## ABOUT THIS TASK:
In the data below, set down exactly the lines from the one containing "タスクの完了 ✔完了とし てマークを" up to and including the one containing "Горячий бассейн под". Leave the pictures out.

-- RECORDS TO USE follows --

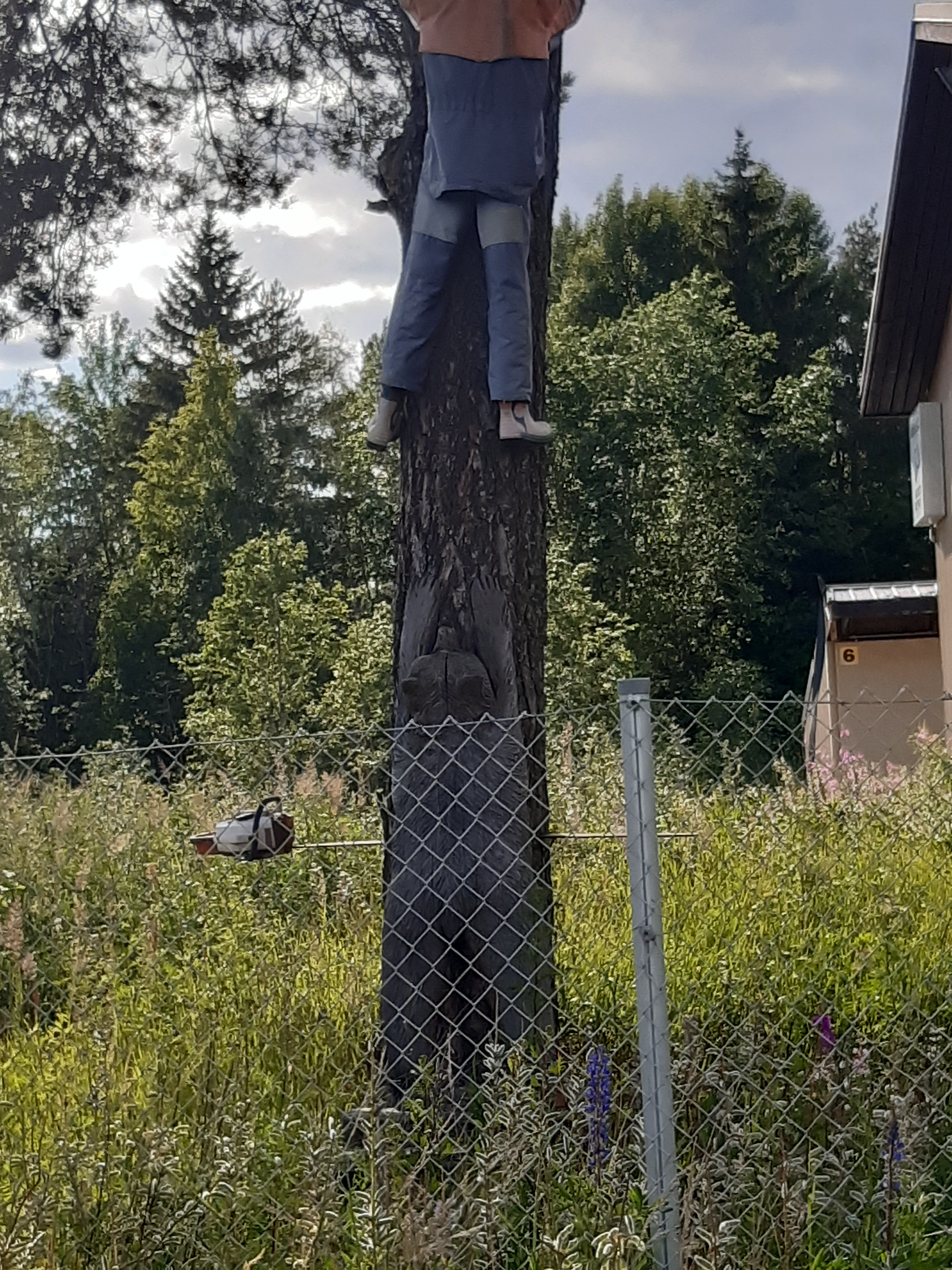 Laittaessani telttaa kasaan huomasin miehen kävelevän metsässä, metsätien toisella puolella lähellä puhelin anteenia. Seurasin sivusilmällä mitä ukkeli touhusi. Hänellä oli marjankeräin kädessä joten asia oli sillä selvä, hän oli mustikassa 8 aamulla.
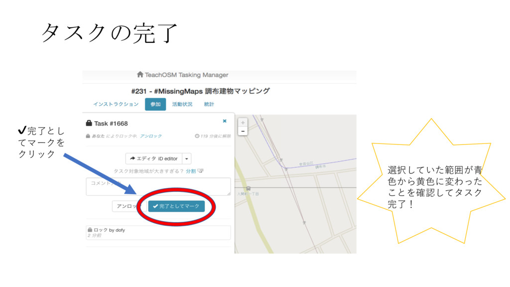 タスクの完了 ✔完了とし てマークを クリック 選択していた範囲が⻘ ⾊から⻩⾊に変わった ことを確認してタスク 完了!
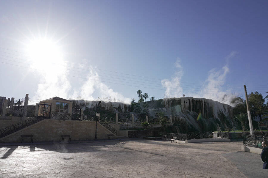 Yerin 10 kilometre altından yüzeye çıkan 95 dereceyi aşan sıcaklıktaki sular, göğe yükselen buharlar eşliğinde kalkerli topraktan oluşan yüksek kayaların arasından harika güzellikteki şelaleler halinde aşağı iniyor.
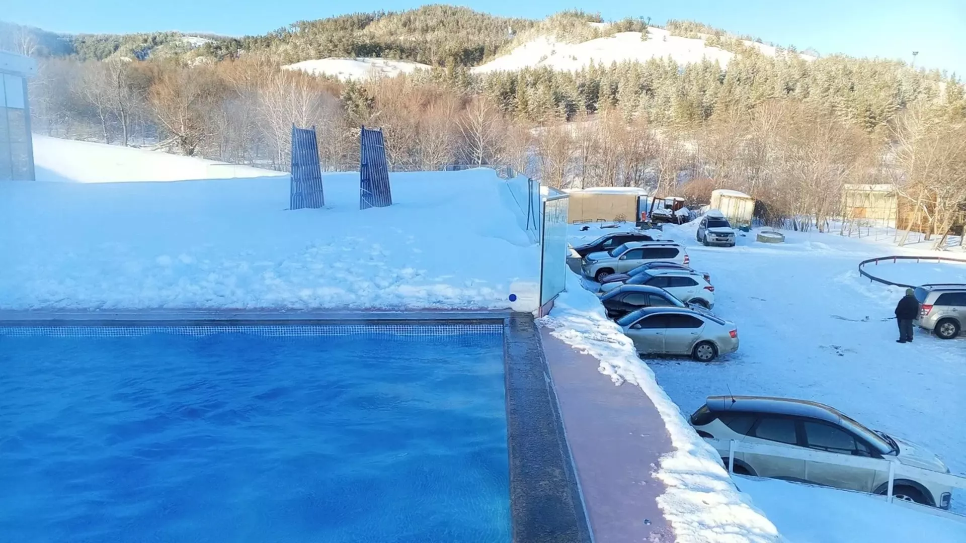 Горячий бассейн под открытым небом здесь огромный — занимает целых 300 квадратных метров. В будни его можно посетить за 1700 рублей (два часа 20 минут), а в выходные — за 2000 рублей с одного человека.
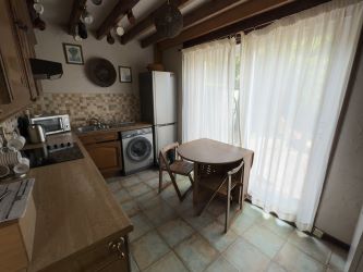 KITCHEN/BREAKFAST ROOM: 3.99 x 2.44 - Fitted with a range of matching wall and base units with work surface over, four ring ceramic hob with extractor fan over and electric oven under, stainless steel 1 and 1/2 bowl sink with drainer and mixer tap, space for fridge/freezer, plumbing for washing machine, tile effect vinyl flooring, uPVC double glazed sliding patio doors, radiator, oil boiler, part wooden cladding to wall, ceiling beams, door to pantry cupboard.
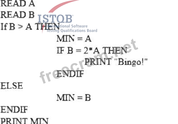 100% statement coverage means that every line of code is executed at least once during testing. Based on the provided pseudo-code and the test cases given: * Test 1 executes the MIN = B statement when A and B are equal. * Test 2 executes the MIN = A statement and skips the inner IF since B is not equal to 2*A. All statements within the code have been executed by these two tests, hence no additional test cases are needed to achieve 100% statement coverage.
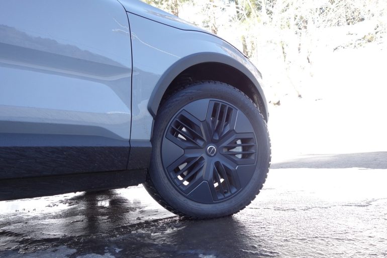 走行性能にかかわる部分では、EX30 Cross Country Ultra Twin Motor Performanceの場合、総電力量69kWhバッテリーによる最高出力はフロント156ps、リヤ272psの前後2モーターを搭載するシステム最高出力422PS ものAWDという構成で、一充電走行距離は500km。タイヤは19インチのサマータイヤを装着する(今回のイベントではもちろんスタッドレスタイヤを装着)。
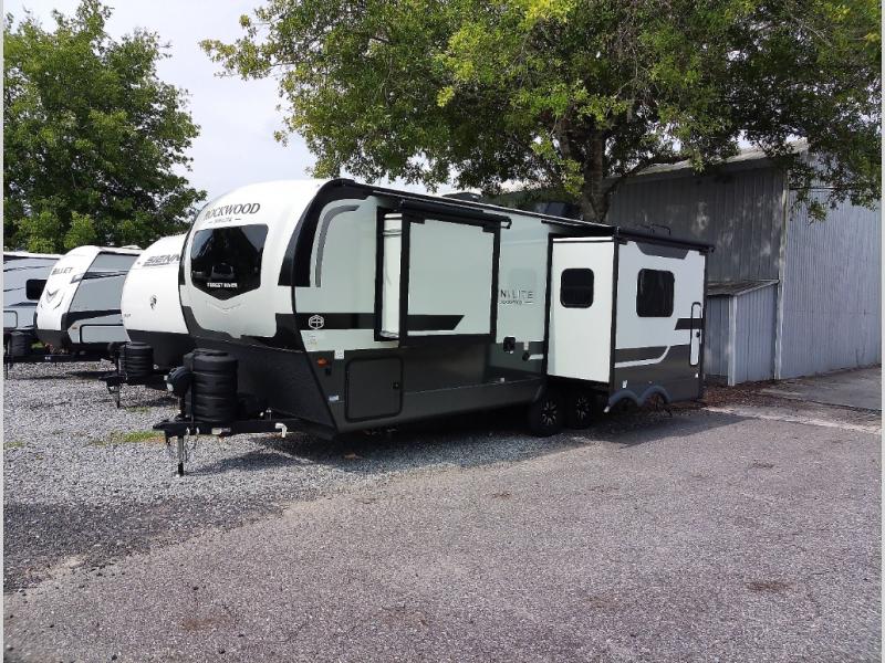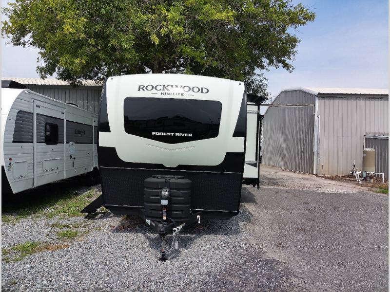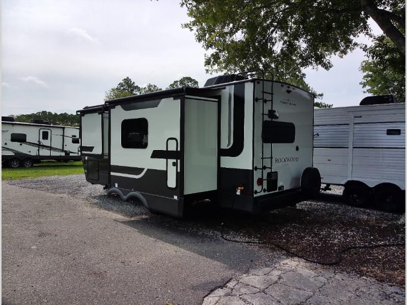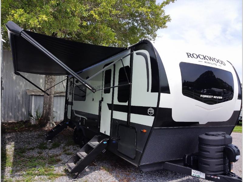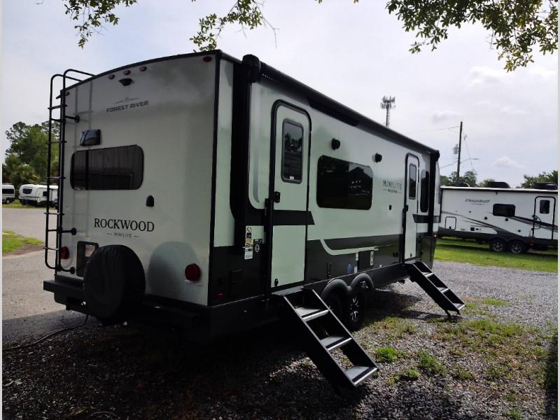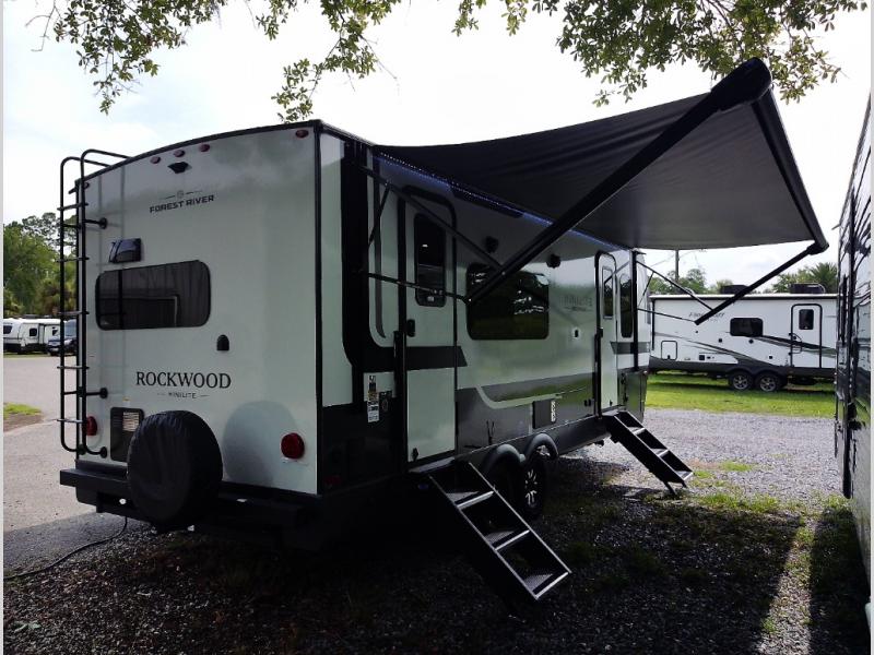 Each Rockwood Mini Lite travel trailer by Forest River is constructed with a fully laminated one-piece walkable roof, sleek frameless windows, and a six-sided full aluminum frame for strength and durability. The 12V thermostatically controlled heated tanks, plus radiant foil in the underbelly and slide out floors will allow you to camp well into the colder months, and the 200W roof solar panel will be perfect for a little off-gridding. Each model includes solid surface kitchen countertops, solid wood cabinet doors, night roller shades, plus many more interior features. Having an AIR 360+ omnidirectional antenna with WiFi prep on board gives you the option to get some work done if it's needed, and the power tongue jack provides hassle-free set up, so you can enjoy more time relaxing!
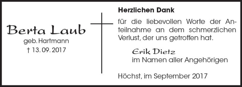 Hier finden Sie alle Traueranzeigen aus der Zeitung, die bisher für Berta Laub erschienen sind. Weitere Traueranzeigen, die in der Zeitung erscheinen, werden hier ebenfalls aufgelistet
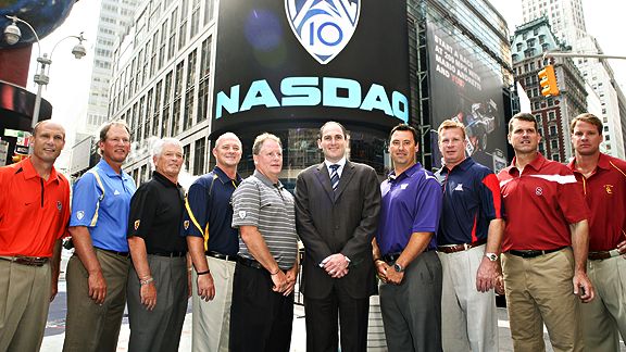 Since even bad publicity is better than the media Sahara that is PAC 10 football (home of the 1:00 am eastern kickoff), the conference decided to stage a photo opportunity in front of the NASDAQ billboard. No, there is no relation between the PAC and the DAQ, and yes we are in a recession caused, in part, by Wall Street, but Ari apparently likes the visual association of the PAC with unearned, undeserved money (he’s thinking of YOU, Kiffin). Witness:
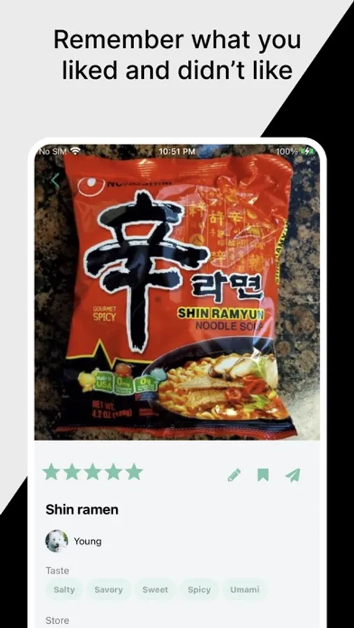 Just snap a picture of the product and rate it. You can also select taste notes and write a description or notes on preparing it for your reference.

-- RECORDS TO USE concluded --

## EXERCISE RESULT:
 タスクの完了 ✔完了とし てマークを クリック 選択していた範囲が⻘ ⾊から⻩⾊に変わった ことを確認してタスク 完了!
 Yerin 10 kilometre altından yüzeye çıkan 95 dereceyi aşan sıcaklıktaki sular, göğe yükselen buharlar eşliğinde kalkerli topraktan oluşan yüksek kayaların arasından harika güzellikteki şelaleler halinde aşağı iniyor.
 Горячий бассейн под открытым небом здесь огромный — занимает целых 300 квадратных метров. В будни его можно посетить за 1700 рублей (два часа 20 минут), а в выходные — за 2000 рублей с одного человека.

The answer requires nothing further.